Revenue for the quarter for the Fort Worth-based airline carrier was $4.32 billion, a drop of 4% from $4.50 billion in the same period a year ago.

Elsewhere, HealthSouth Corp.'s bonds were "in a point or two," with the 7 5/8% notes dropping to 80 bid, 82 offered from 82½ bid, 83½ offered. The subordinated bonds dipped to 75½ bid, 77 offered from 77 bid, 79 offered.

On Thursday, the 12th former executive to face criminal charges in from the Birmingham, Ala.-based physical therapy company's accounting scandal pleaded not guilty, "at this time," at an arraignment, according to news reports.

Conseco Inc.'s debt also "came in a little," with its extended bonds dropping to 62 bid, 64 offered from 65 bid, 66 offered on Wednesday, while its unexchanged bonds were off a point at 36½ bid, 38½ offered.

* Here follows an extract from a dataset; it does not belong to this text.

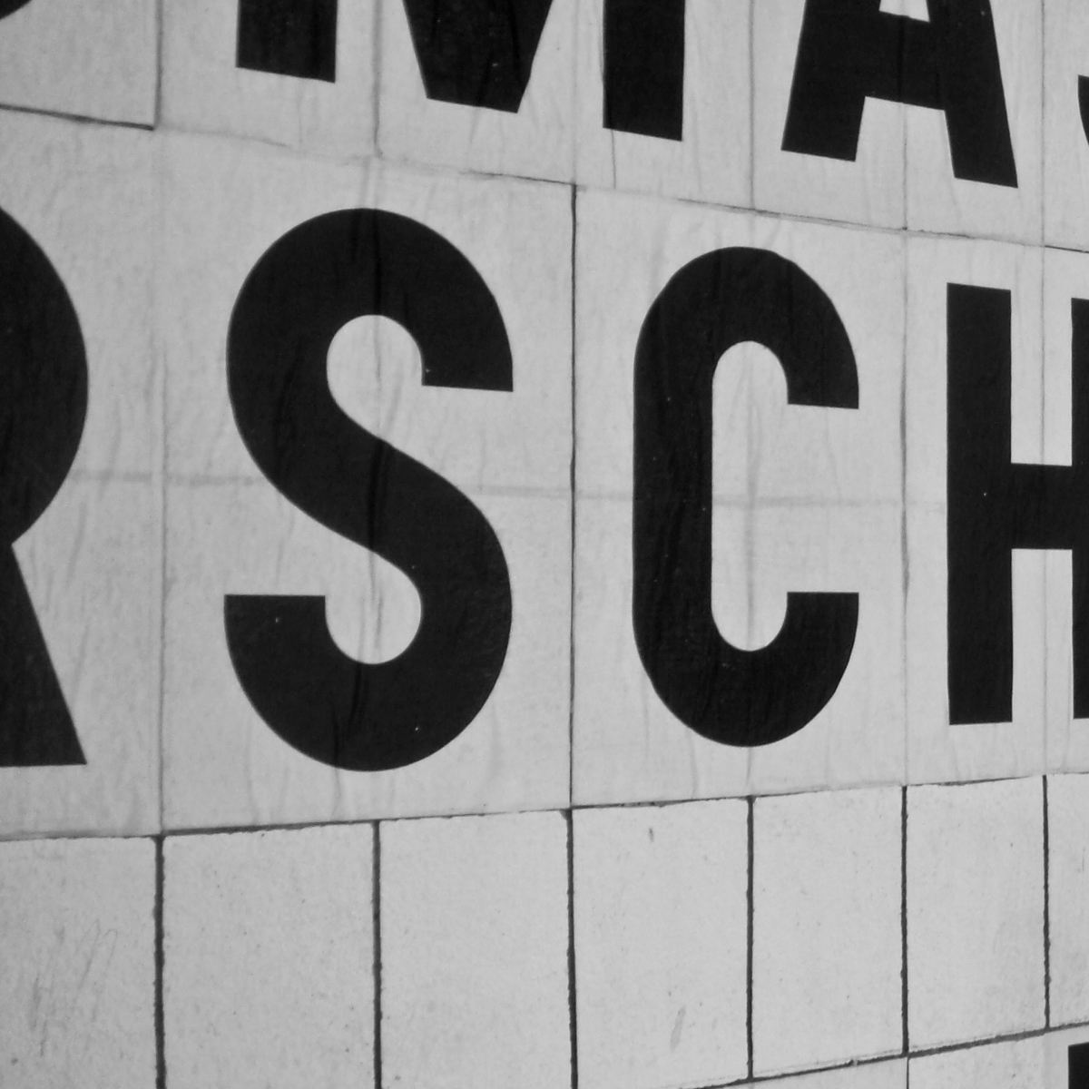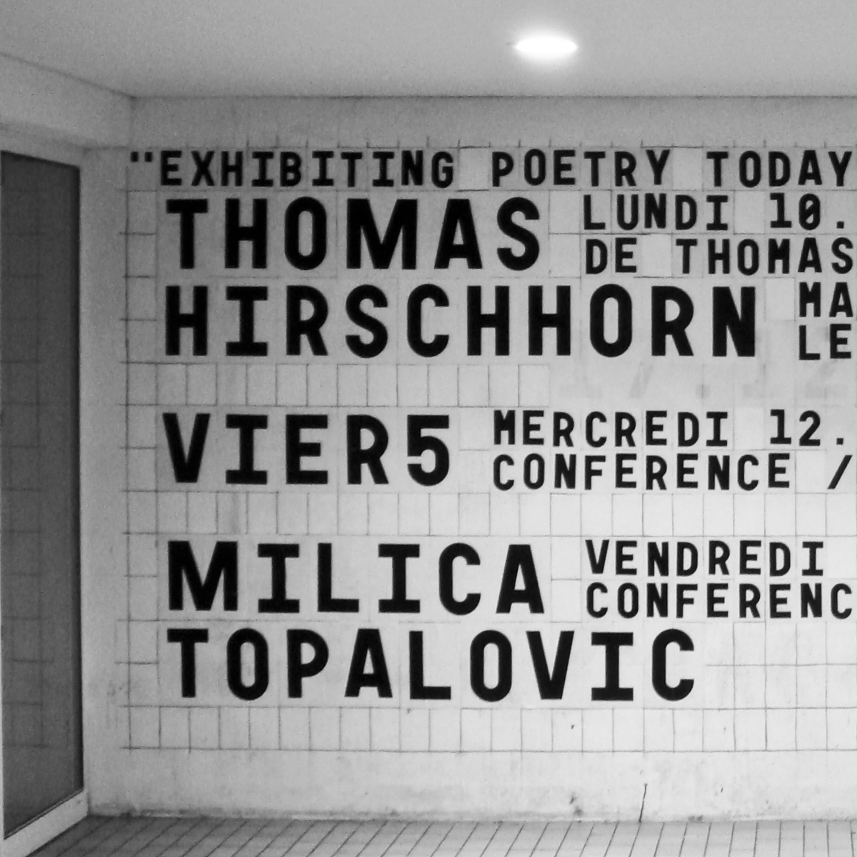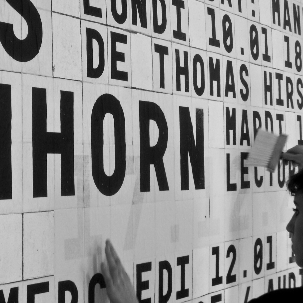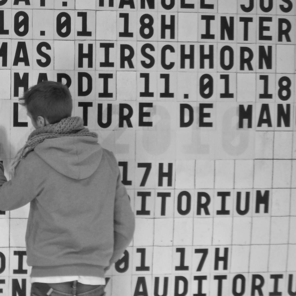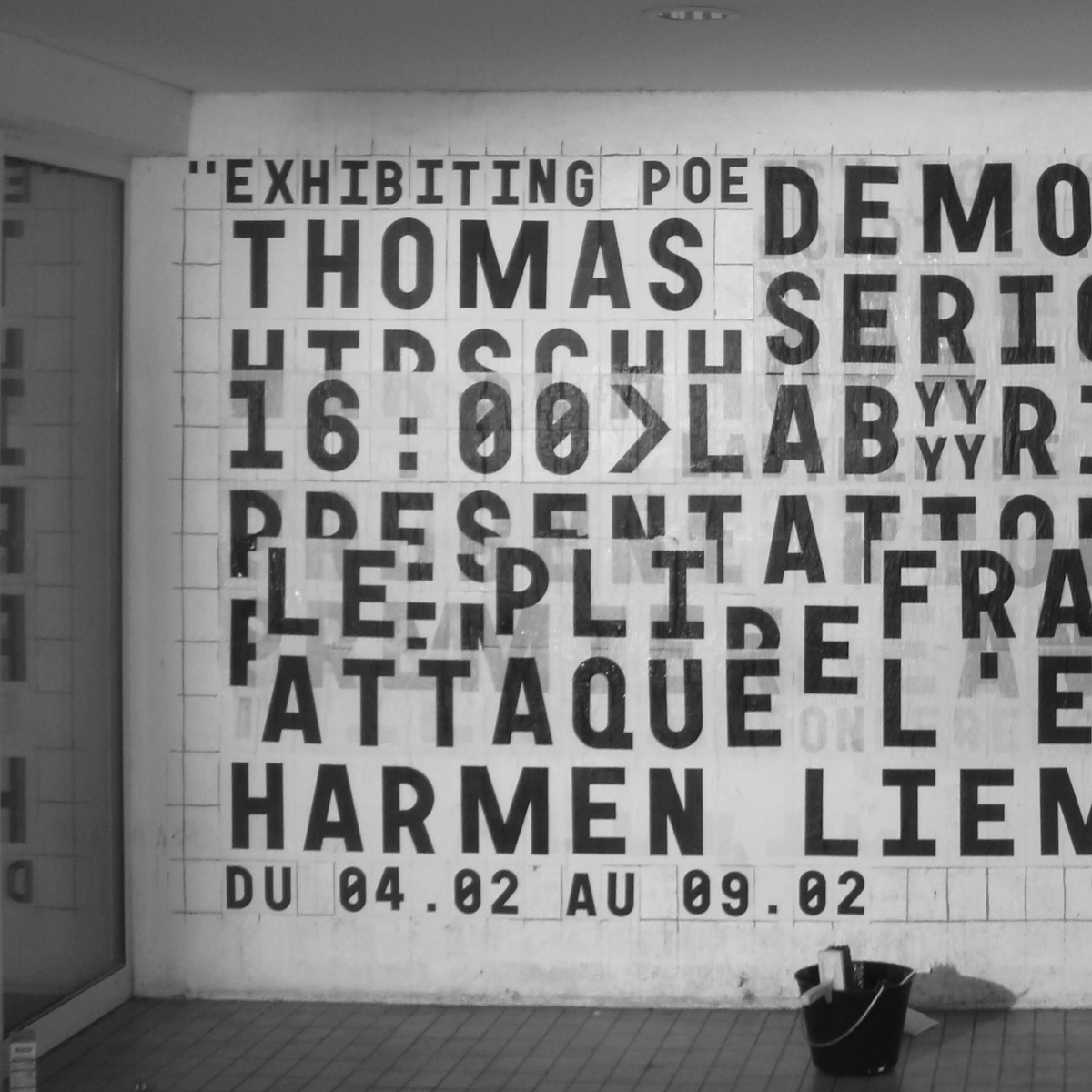 At the School of Fine Arts in Besançon [now known as Institut supérieur des beaux-arts de Besançon], with my colleague Rainer Oldendorf, we convened a group of first year students for the creation of a display wall. We used Garaje 0503 Monospace, designed for the school’s visual identity. Each glyph was photocopied in two sizes, A4 and A6. A grid of 750 A6 boxes was drawn on the wall, which Rainer with Gilles Picouet engraved. This physical grid allowed, throughout the year, the weekly collage of all the school’s news messages.

On Wednesday Conseco filed its fourth amended plan of reorganization with the bankruptcy court. The new amendments reflect minor modifications to the non-debtor release provision and related components of the plan.

Also, New York satellite operator Loral Space & Communications Inc., which filed for Chapter 11 on Tuesday, was still "flying off the desks," a trader said. The 10% notes due 2006 were up 3 points to 66 bid, he said.